** Task material **
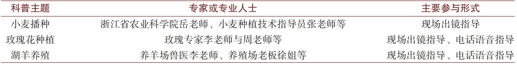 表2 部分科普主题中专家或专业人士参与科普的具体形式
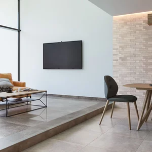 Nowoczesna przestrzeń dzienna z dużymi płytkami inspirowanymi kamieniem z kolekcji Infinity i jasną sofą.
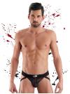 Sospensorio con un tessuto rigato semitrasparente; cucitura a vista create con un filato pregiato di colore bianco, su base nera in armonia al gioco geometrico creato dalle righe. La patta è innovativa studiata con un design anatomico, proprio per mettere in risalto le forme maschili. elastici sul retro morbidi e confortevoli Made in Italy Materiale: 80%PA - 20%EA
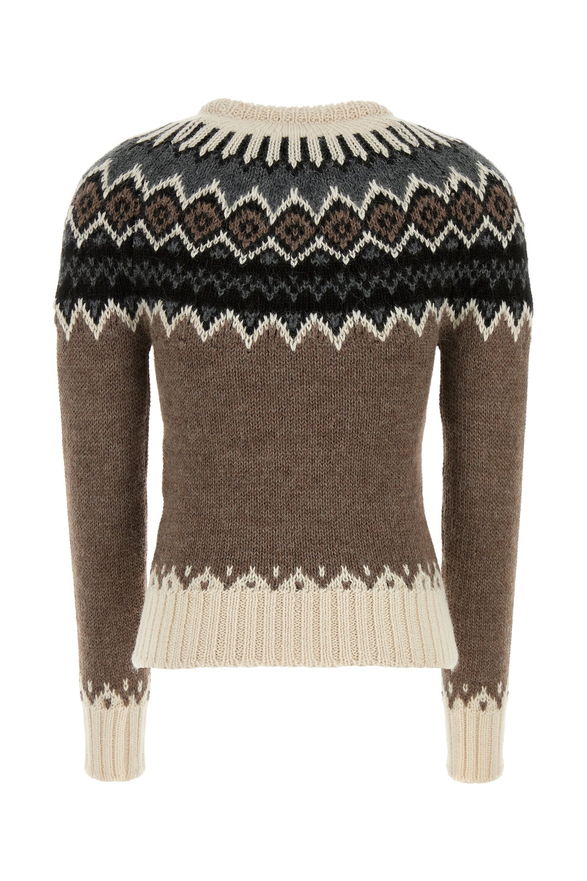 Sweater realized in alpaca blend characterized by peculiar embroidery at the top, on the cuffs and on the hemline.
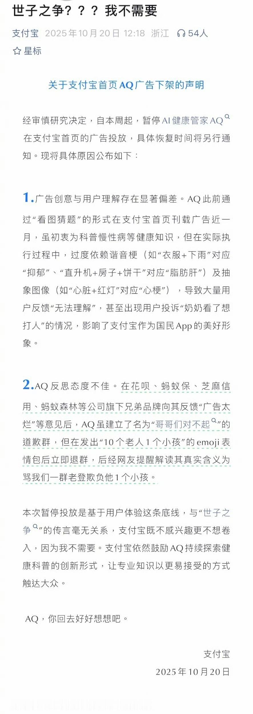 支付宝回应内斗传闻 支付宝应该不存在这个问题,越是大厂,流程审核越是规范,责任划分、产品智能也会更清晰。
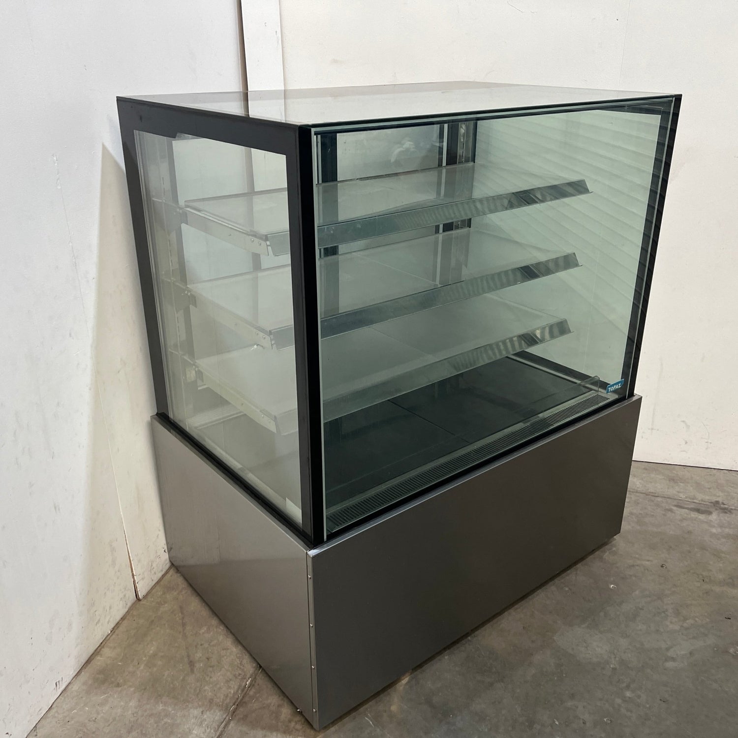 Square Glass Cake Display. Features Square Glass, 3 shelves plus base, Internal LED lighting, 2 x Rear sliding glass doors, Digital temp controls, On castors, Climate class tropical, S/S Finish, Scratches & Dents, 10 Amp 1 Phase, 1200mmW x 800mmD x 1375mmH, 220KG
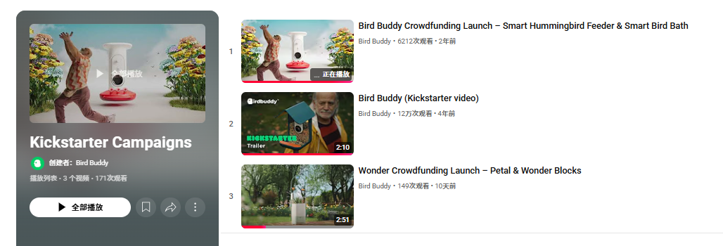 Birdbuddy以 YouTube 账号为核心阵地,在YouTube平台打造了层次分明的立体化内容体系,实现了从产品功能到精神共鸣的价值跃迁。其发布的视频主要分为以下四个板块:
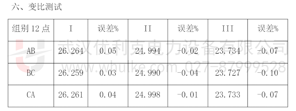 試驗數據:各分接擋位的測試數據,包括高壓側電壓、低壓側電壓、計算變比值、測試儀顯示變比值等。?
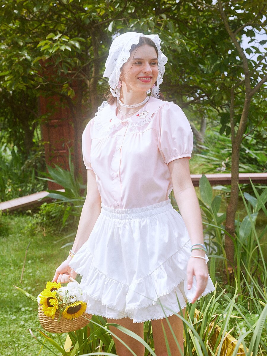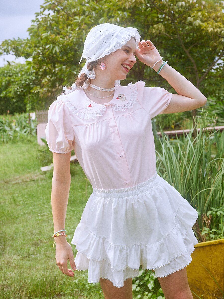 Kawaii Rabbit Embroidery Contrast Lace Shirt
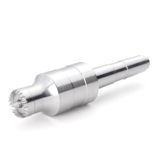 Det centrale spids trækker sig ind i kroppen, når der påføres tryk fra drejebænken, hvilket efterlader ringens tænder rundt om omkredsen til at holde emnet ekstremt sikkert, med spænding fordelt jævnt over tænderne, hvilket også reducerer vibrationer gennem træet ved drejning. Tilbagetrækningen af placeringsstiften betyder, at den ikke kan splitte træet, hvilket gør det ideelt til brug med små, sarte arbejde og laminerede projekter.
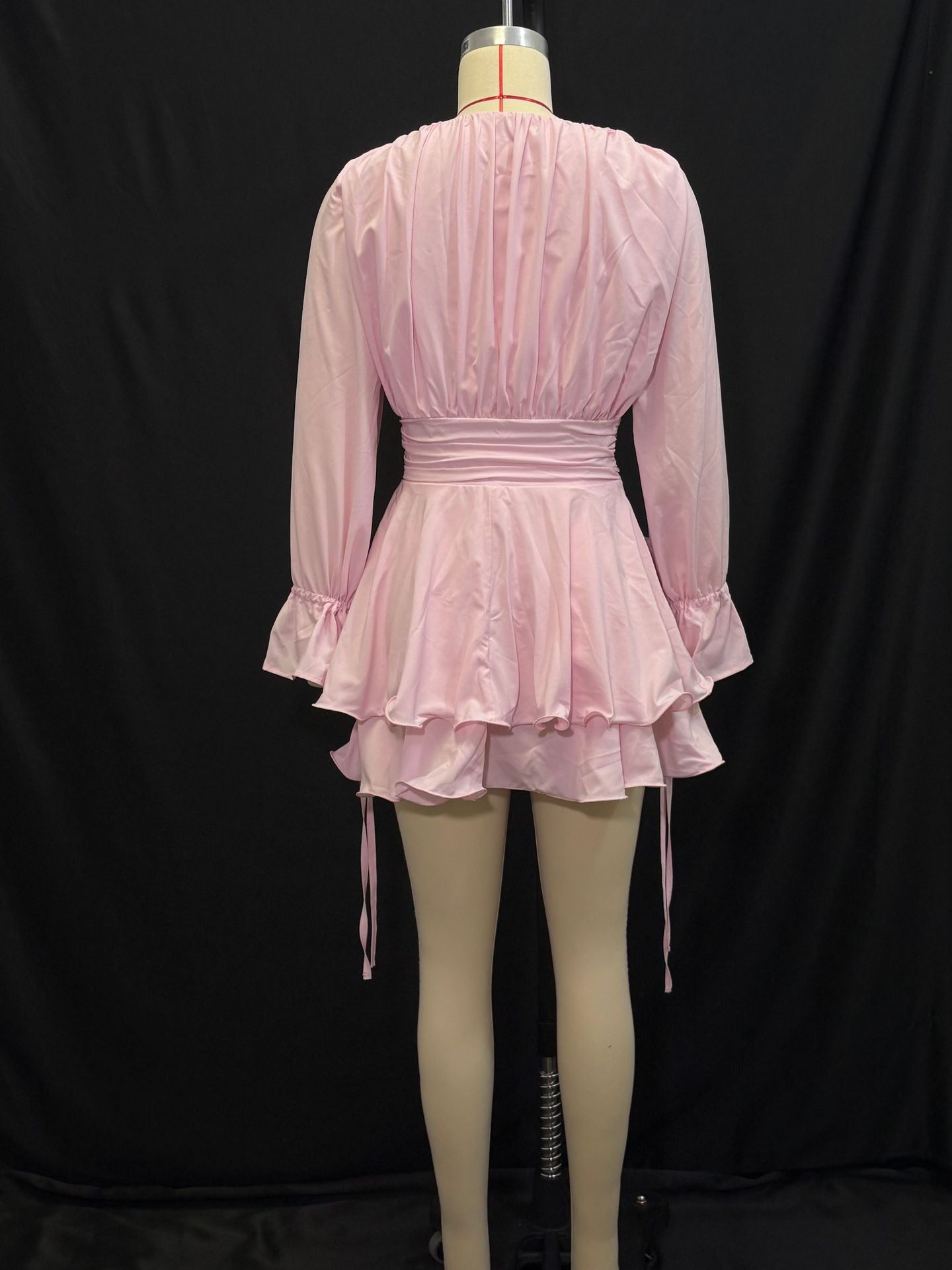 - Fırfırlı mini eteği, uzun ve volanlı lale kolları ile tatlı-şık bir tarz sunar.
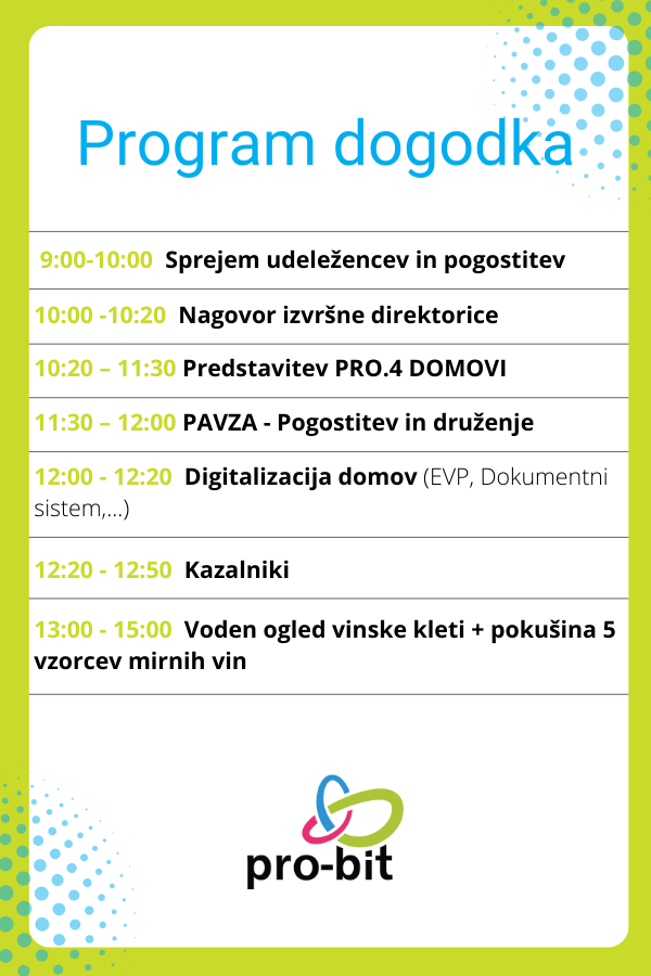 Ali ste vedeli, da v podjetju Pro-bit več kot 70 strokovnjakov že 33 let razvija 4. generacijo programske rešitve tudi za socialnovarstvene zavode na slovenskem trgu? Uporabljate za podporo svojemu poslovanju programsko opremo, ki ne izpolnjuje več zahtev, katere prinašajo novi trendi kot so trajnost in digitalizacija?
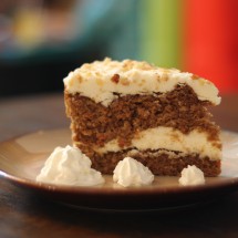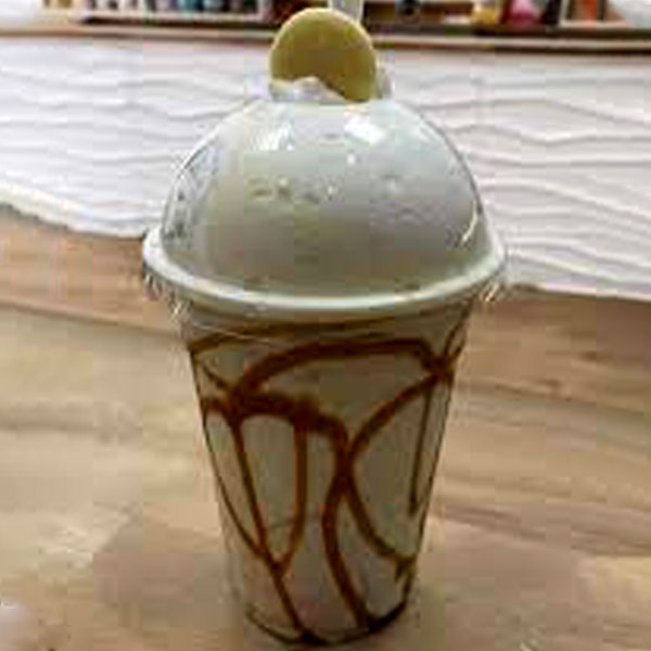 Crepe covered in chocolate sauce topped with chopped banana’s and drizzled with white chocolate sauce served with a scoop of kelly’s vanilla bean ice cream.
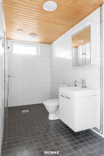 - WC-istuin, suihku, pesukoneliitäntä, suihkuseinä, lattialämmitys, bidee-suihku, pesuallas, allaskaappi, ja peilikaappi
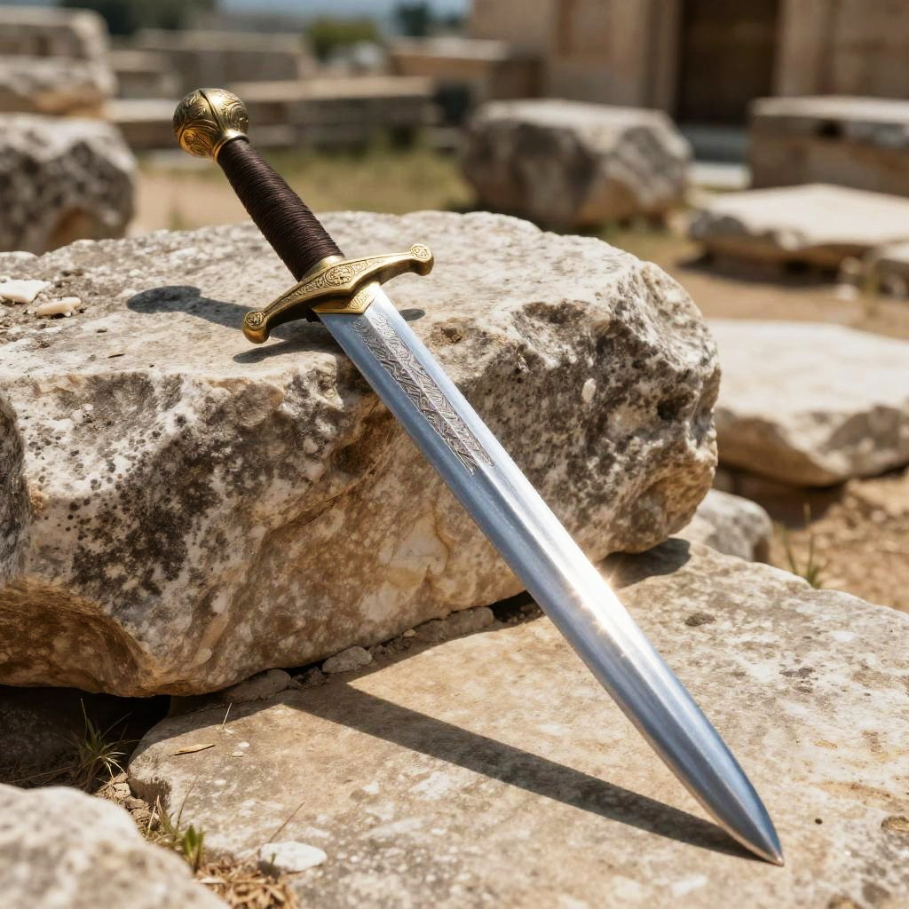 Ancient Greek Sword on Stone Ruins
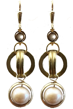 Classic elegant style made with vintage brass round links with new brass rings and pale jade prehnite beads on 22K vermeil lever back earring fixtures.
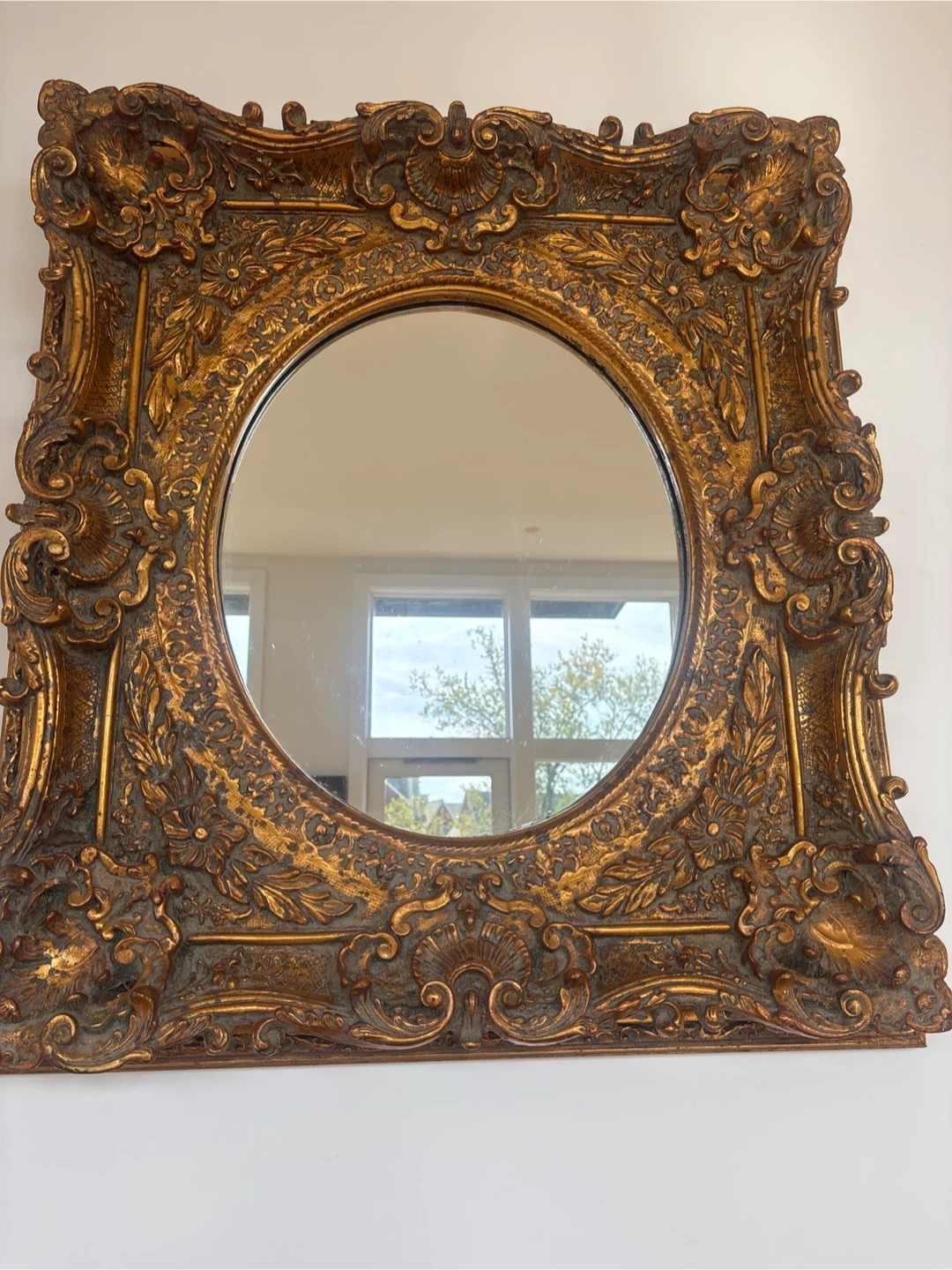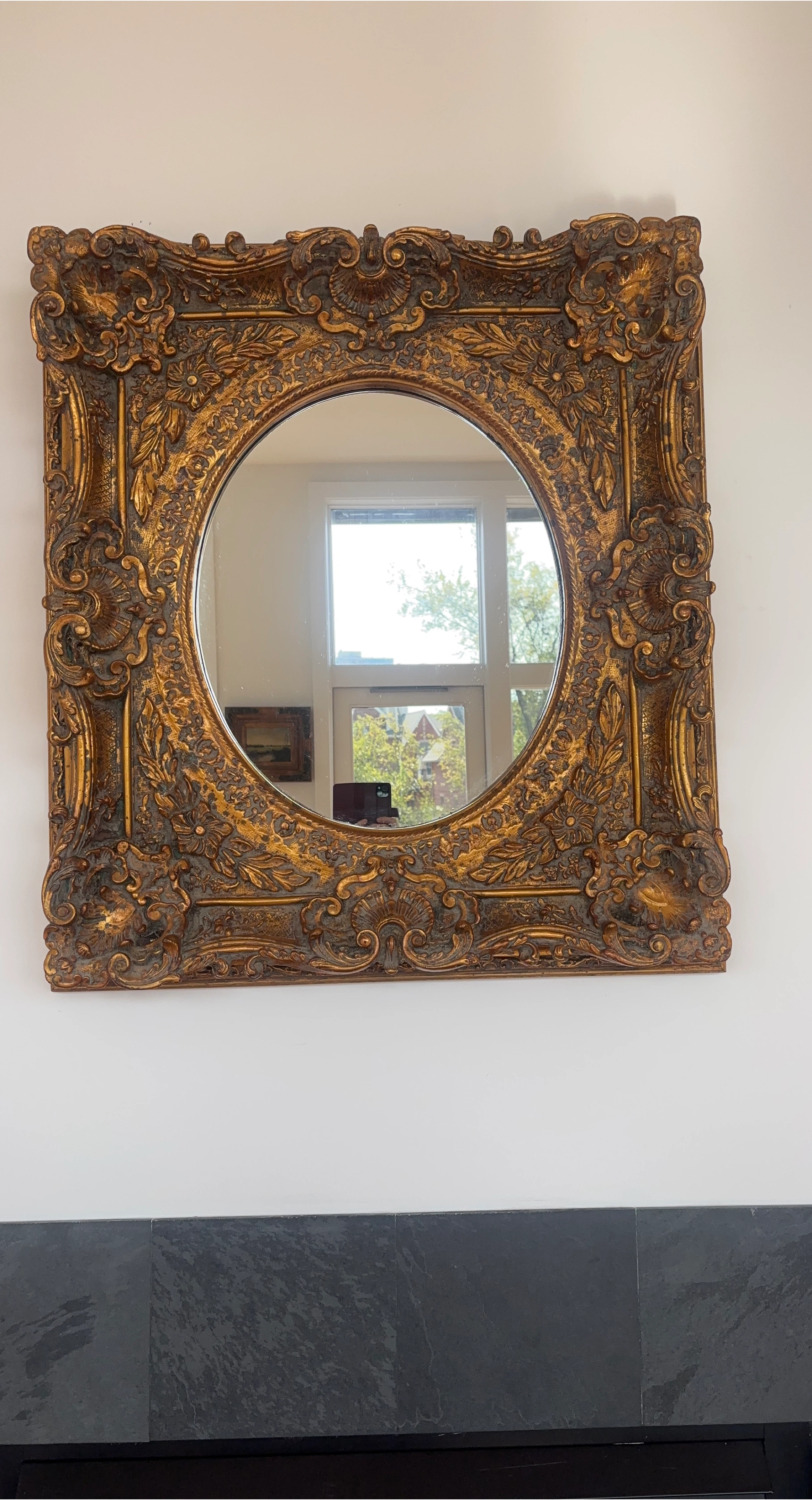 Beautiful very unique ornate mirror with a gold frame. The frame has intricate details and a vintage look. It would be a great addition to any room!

** Task **
Give each record above back word for word, but carry over none of the pictures.

** Task answer **
 表2 部分科普主题中专家或专业人士参与科普的具体形式
 Nowoczesna przestrzeń dzienna z dużymi płytkami inspirowanymi kamieniem z kolekcji Infinity i jasną sofą.
 Sospensorio con un tessuto rigato semitrasparente; cucitura a vista create con un filato pregiato di colore bianco, su base nera in armonia al gioco geometrico creato dalle righe. La patta è innovativa studiata con un design anatomico, proprio per mettere in risalto le forme maschili. elastici sul retro morbidi e confortevoli Made in Italy Materiale: 80%PA - 20%EA
 Sweater realized in alpaca blend characterized by peculiar embroidery at the top, on the cuffs and on the hemline.
 支付宝回应内斗传闻 支付宝应该不存在这个问题,越是大厂,流程审核越是规范,责任划分、产品智能也会更清晰。
 Square Glass Cake Display. Features Square Glass, 3 shelves plus base, Internal LED lighting, 2 x Rear sliding glass doors, Digital temp controls, On castors, Climate class tropical, S/S Finish, Scratches & Dents, 10 Amp 1 Phase, 1200mmW x 800mmD x 1375mmH, 220KG
 Birdbuddy以 YouTube 账号为核心阵地,在YouTube平台打造了层次分明的立体化内容体系,实现了从产品功能到精神共鸣的价值跃迁。其发布的视频主要分为以下四个板块:
 試驗數據:各分接擋位的測試數據,包括高壓側電壓、低壓側電壓、計算變比值、測試儀顯示變比值等。?
 Kawaii Rabbit Embroidery Contrast Lace Shirt
 Det centrale spids trækker sig ind i kroppen, når der påføres tryk fra drejebænken, hvilket efterlader ringens tænder rundt om omkredsen til at holde emnet ekstremt sikkert, med spænding fordelt jævnt over tænderne, hvilket også reducerer vibrationer gennem træet ved drejning. Tilbagetrækningen af placeringsstiften betyder, at den ikke kan splitte træet, hvilket gør det ideelt til brug med små, sarte arbejde og laminerede projekter.
 - Fırfırlı mini eteği, uzun ve volanlı lale kolları ile tatlı-şık bir tarz sunar.
 Ali ste vedeli, da v podjetju Pro-bit več kot 70 strokovnjakov že 33 let razvija 4. generacijo programske rešitve tudi za socialnovarstvene zavode na slovenskem trgu? Uporabljate za podporo svojemu poslovanju programsko opremo, ki ne izpolnjuje več zahtev, katere prinašajo novi trendi kot so trajnost in digitalizacija?
 Crepe covered in chocolate sauce topped with chopped banana’s and drizzled with white chocolate sauce served with a scoop of kelly’s vanilla bean ice cream.
 - WC-istuin, suihku, pesukoneliitäntä, suihkuseinä, lattialämmitys, bidee-suihku, pesuallas, allaskaappi, ja peilikaappi
 Ancient Greek Sword on Stone Ruins
 Classic elegant style made with vintage brass round links with new brass rings and pale jade prehnite beads on 22K vermeil lever back earring fixtures.
 Beautiful very unique ornate mirror with a gold frame. The frame has intricate details and a vintage look. It would be a great addition to any room!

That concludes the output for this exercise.